If Dennis wasn’t such an exemplary employee, Rob might have considered that grounds for termination.

“So what do you think of Chicago?” Nick asked her.

“It’s very cold. And windy.”

“They call it the Windy City for a reason,” Tony said.

“I’ll bet you can’t wait to get back to the West Coast,” Rob said, and she shot him a sideways glance, as if to say, Don’t you wish.

“I think I’ll like it here,” she said. “Though probably more when it warms up a little.”

“Do you know where you’ll be staying?” Nick asked.

“Not yet. I’m hoping to find a rental. I don’t suppose you know a good local agent?”

“My brother-in-law David is in real estate law,” Tony said, pulling out his phone. “He could probably give you the name of someone reliable.”

He found the number in his address book, and she entered it into her phone.

“I miss the days when we used to write things on paper,” Nick said.

“Have you got a piece of paper?” Rob asked, and grinning, Nick held up his napkin. “Pen?”

Nick felt his pockets, then frowned and said, “I used to carry one all the time.”

“I would be lost without my phone,” Carrie said. “My whole life is in this thing. Of course I keep it all backed up on my laptop, which I also could not live without.”

“So what kind of place are you looking for?” Nick asked.

“A two-bedroom apartment or condo, preferably furnished, in a building with a fitness room and a pool, or close to a pool. I like to swim every morning.”

“I think I may know just the place,” Nick said. “My wife, Terri, has a condo that she’s been thinking of putting on the market, but it would probably mean taking a loss. She had entertained the idea of renting it out, but she’s heard so many horror stories about bad tenants that she’s been hesitant. It has pretty much everything you would need, and there’s a fitness center with a pool a couple of blocks away. And it’s not too far from work.”

It also wasn’t too far from Rob’s loft, which didn’t exactly thrill him.

“It sounds perfect,” Carrie said. “I can pay her the full three months up front.”

“I’ll talk to her today and give you a call.”

“Sounds great,” she said, exchanging numbers with him, which irritated Rob even more. It was bad enough that she would be around for three months. Did she have to pretend to be so nice to everyone? Which she was clearly only doing to make Rob look like the bad guy.

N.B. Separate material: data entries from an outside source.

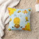Add a cute touch to your little one's bedroom or nursery with this adorable bumble bee throw pillow. Pillow features six happy bees, one with honey, and the others buzzing around. There are also yellow and orange flowers and a soft blue background. In the corner there's a place for your young kid's first name and monogram initial.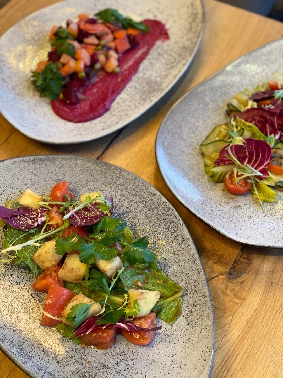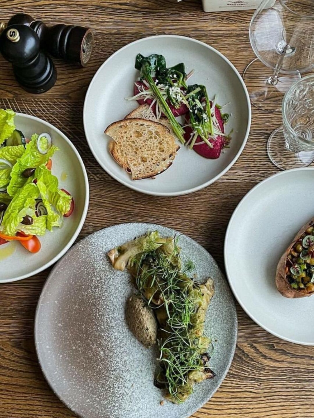 Сытное овощное рагу в печеном батате, свекольный хумус с маринованными сельдереем и пряным шпинатом, тушеная капуста в водорослях комбу с грибной икрой и овощной салат с таджасскими оливками.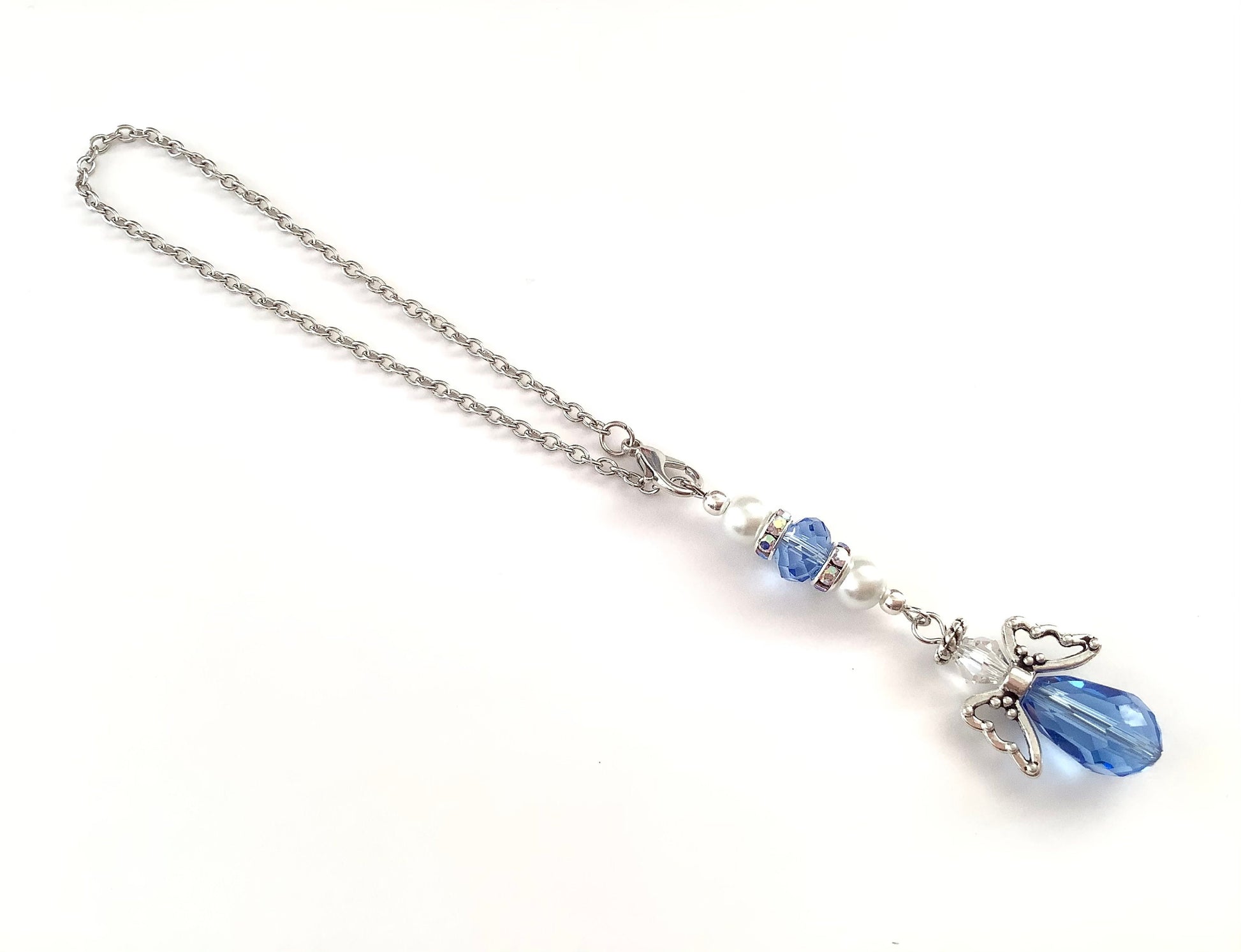 Blue glass crystal angel with glass pearl beads and sparkling silver-tone components. Handmade with much love in the USA Chain with clasp.

“So, on the rare occasions that I might have a free day,” Carrie said, “what attractions would you gentlemen recommend? There are so many things to do in the city, I wouldn’t even know where to begin.”

His cousins tossed around suggestions like the planetarium and the aquarium and the Museum of Contemporary Art.

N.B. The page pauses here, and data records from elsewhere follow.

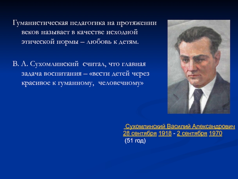 В. А. Сухомлинский считал, что главная задача воспитания – «вести детей через красивое к гуманному, человечному»
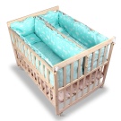 جنبًا إلى جنب مع سرير الأطفال التوائم ، يجب عليك على الفور شراء الحشو الداخلي: المراتب والجوانب والوسائد وأغطية السرير. تحتوي بعض موديلات التوائم على “أبواب” خاصة على كلا الجانبين ، بحيث يمكن إخراج كل طفل وإطعامه بسهولة. من العناصر المهمة جدًا للحشو الجوانب ، نظرًا لأن الأطفال لن يضربوا إطار السرير الصلب بفضلهم. كما أنها تمنع المقابض من الظهور عبر الجدار الشبكي..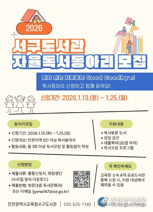 [인천광역신문] 박진 기자 | 인천광역시교육청서구도서관은 지역 주민들이 책으로 소통하며 함께 성장하는 즐거움을 나누는 ‘2026년 자율 독서동아리’를 13일부터 25일까지 모집한다.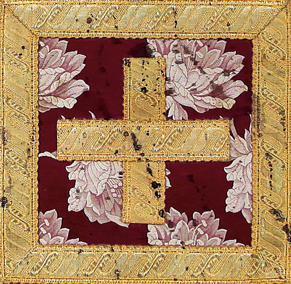 sangue su elemento di performance in tessuto cm. 24,5x24,5; firma al retro, timbro per autenticità e provenienza della Galleria d'Arte Castellani su foto.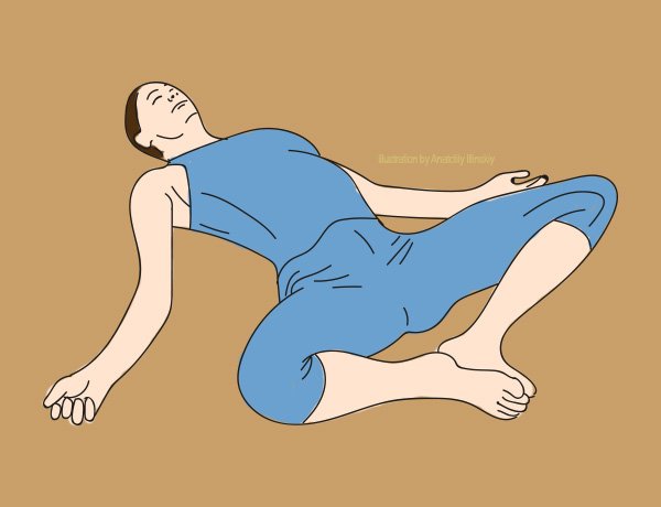 Zwróć uwagę, że nie powinieneś odczuwać w tej pozycji jakiegokolwiek bólu lub dyskomfortu. Jeżeli tak się dzieje, wróć do standardowego leżenia.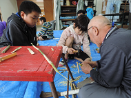 3・4年生は、「竹とんぼ作り」と「おじゃみ作り」に分かれました。おじいちゃん方から小刀やのこぎりなどの使い方を習いながら、慣れない手つきで難しい竹とんぼ作りに挑戦しました。おばあちゃん方からは、針と糸を使って縫い方を教わり、ハギレを袋状に縫って数珠玉を詰め、おじゃみを完成させました。できあがった竹とんぼを飛ばしてみたり、たくさんのおじゃみを抱えたりして、とてもうれしそうでした。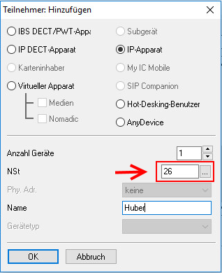 Beispiel Screenshot: Teilnehmer hinzufügen - IP-Apparat - NSt
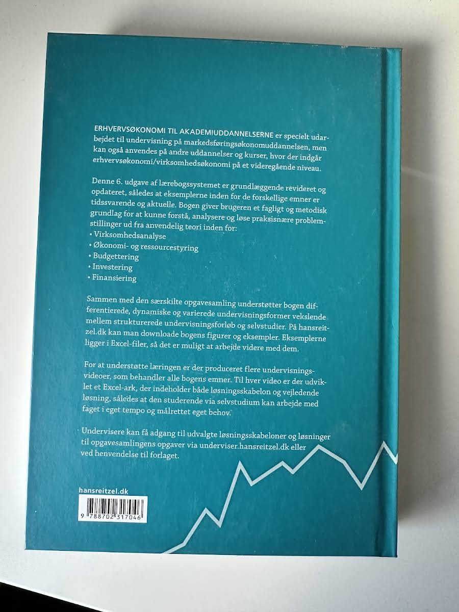 Erhvervsøkonomi til Akademiuddannelserne er udarbejdet med henblik på at give studerende et solidt fagligt og metodisk grundlag, så de kan forstå, analysere og løse praksisnære problemstillinger med udgangspunkt i relevant teori. Den 6. udgave er grundigt revideret og opdateret med tidssvarende eksempler, der afspejler nutidens erhvervsliv og økonomiske forhold. Bogen behandler centrale emner inden for virksomhedsanalyse, økonomi- og ressourcestyring, budgettering, investering og finansiering. Den er tilrettelagt, så den både understøtter strukturerede undervisningsforløb og selvstændigt studium, og den indeholder opgavesamlinger og digitale materialer, der fremmer læringen gennem praktisk anvendelse og øvelser.

“How about you?” she asked Rob. “What would you suggest?”

“The Museum of Science and Industry.”

“Really,” she said, looking thoughtful. “For some reason I imagined your preferring someplace a little less…academic. Like a sports museum.”

“And you assumed that because, why? You know me so well?”

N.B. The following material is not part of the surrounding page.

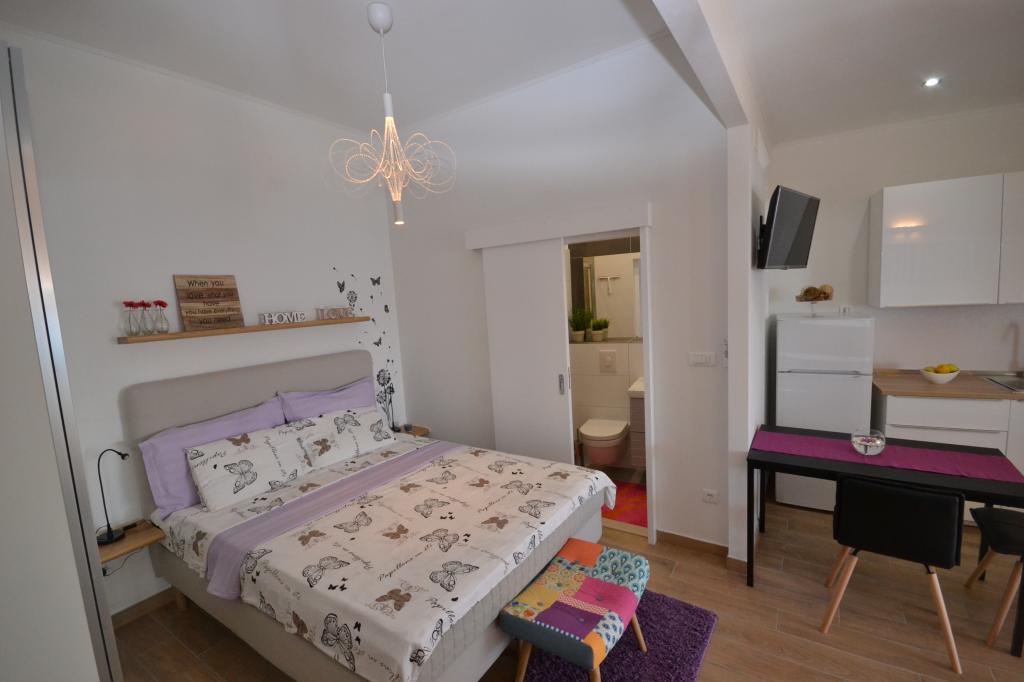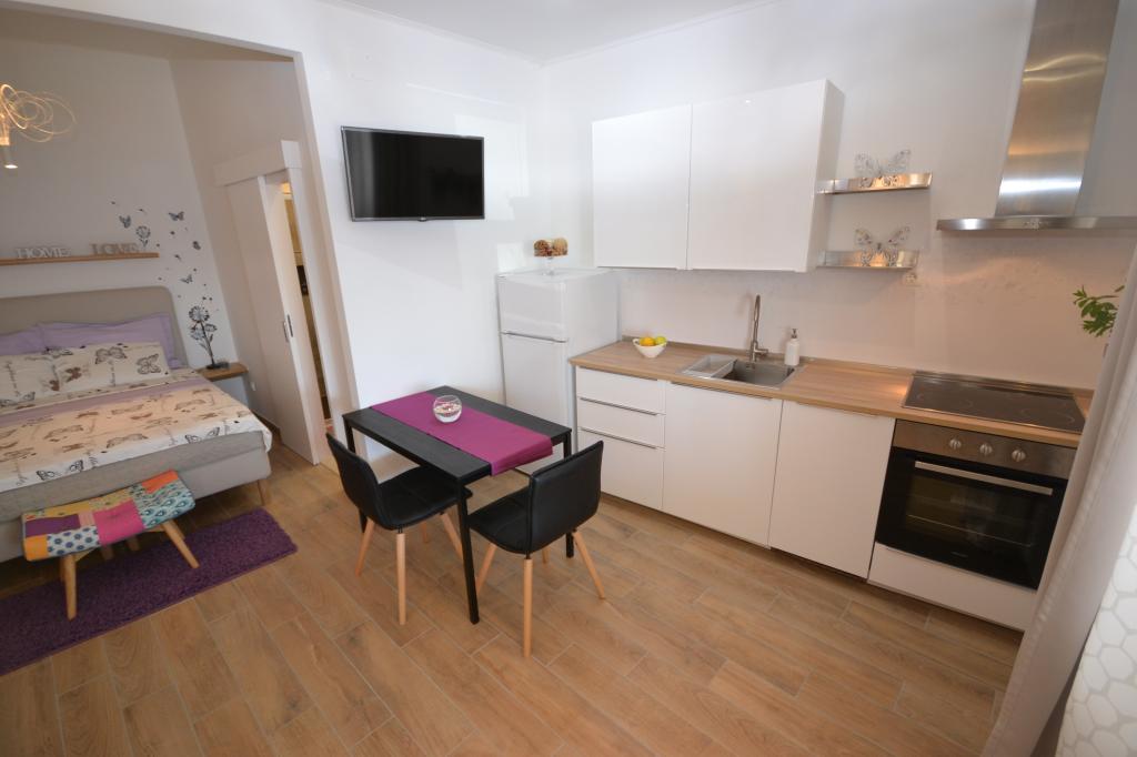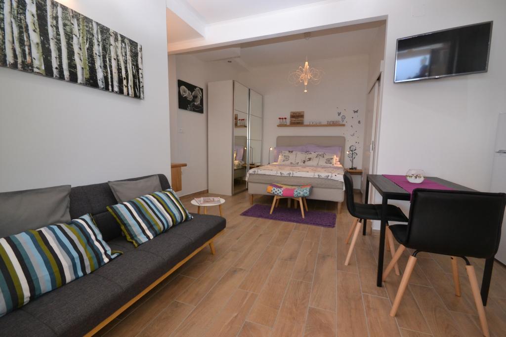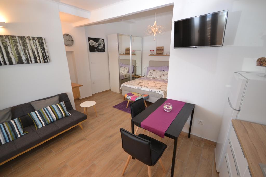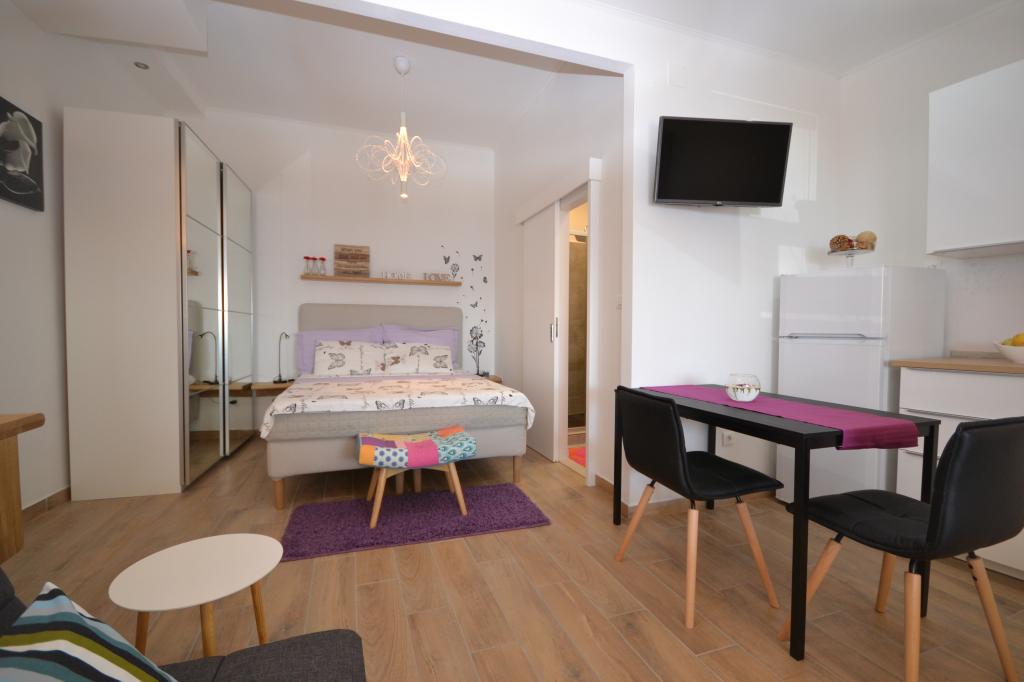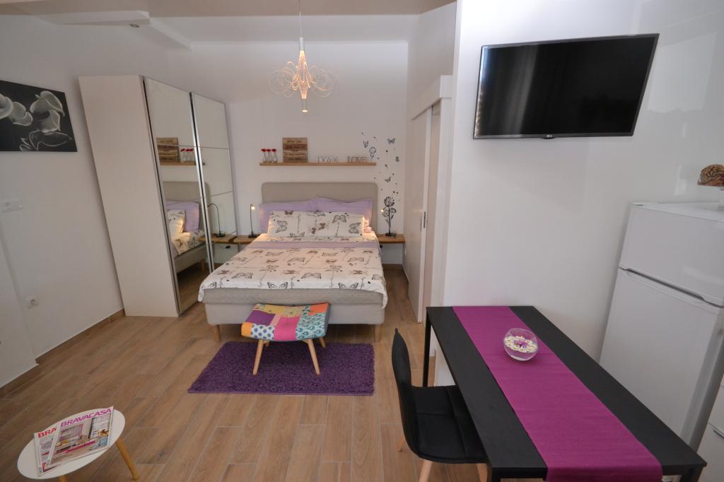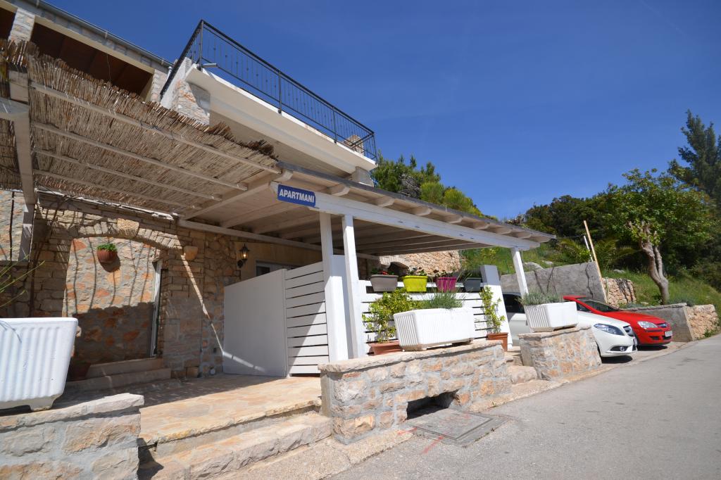 W pełni umeblowane apartamenty w małej wiosce pięć kilometrów od Bol, z pięknym widokiem na Brac-Hvar kanału, pięć minut spacerem od pięknej, piaszczystej plaży, w cieniu starych sosen.

She looked amused, as if this was some big joke to her.

The waitress dropped their food off at the table and when Rob looked at Carrie’s plate, he could feel his arteries tighten. The special consisted of three eggs, four sausage links, hash browns, white toast and a stack of pancakes six inches high. A heart attack on a plate, his fitness instructor would call it. Which was why Rob had ordered his usual egg white vegetarian omelet, lean ham, tomato slices and dry whole wheat toast, of which he would allow himself half a slice. Unlike some people at the table, his goal was to live past his fortieth birthday.

“Do the three of you live in the city?” she asked them, and when her leg bumped his, he wrote it off as accidental, until he felt the brush of one shoeless foot slide against his ankle.

Was she coming onto him?

He shot her a sideways glance, but she was looking at Nick, chewing and nodding thoughtfully as she listened to him describe where each of them lived in relation to Caroselli Chocolate.

Okay, maybe it had been an accident. But what about the way she just happened to get syrup on her fingers, and instead of wiping them with a napkin, sucked it slowly from each digit, one at a time. Which of course reminded him of her sucking on something else.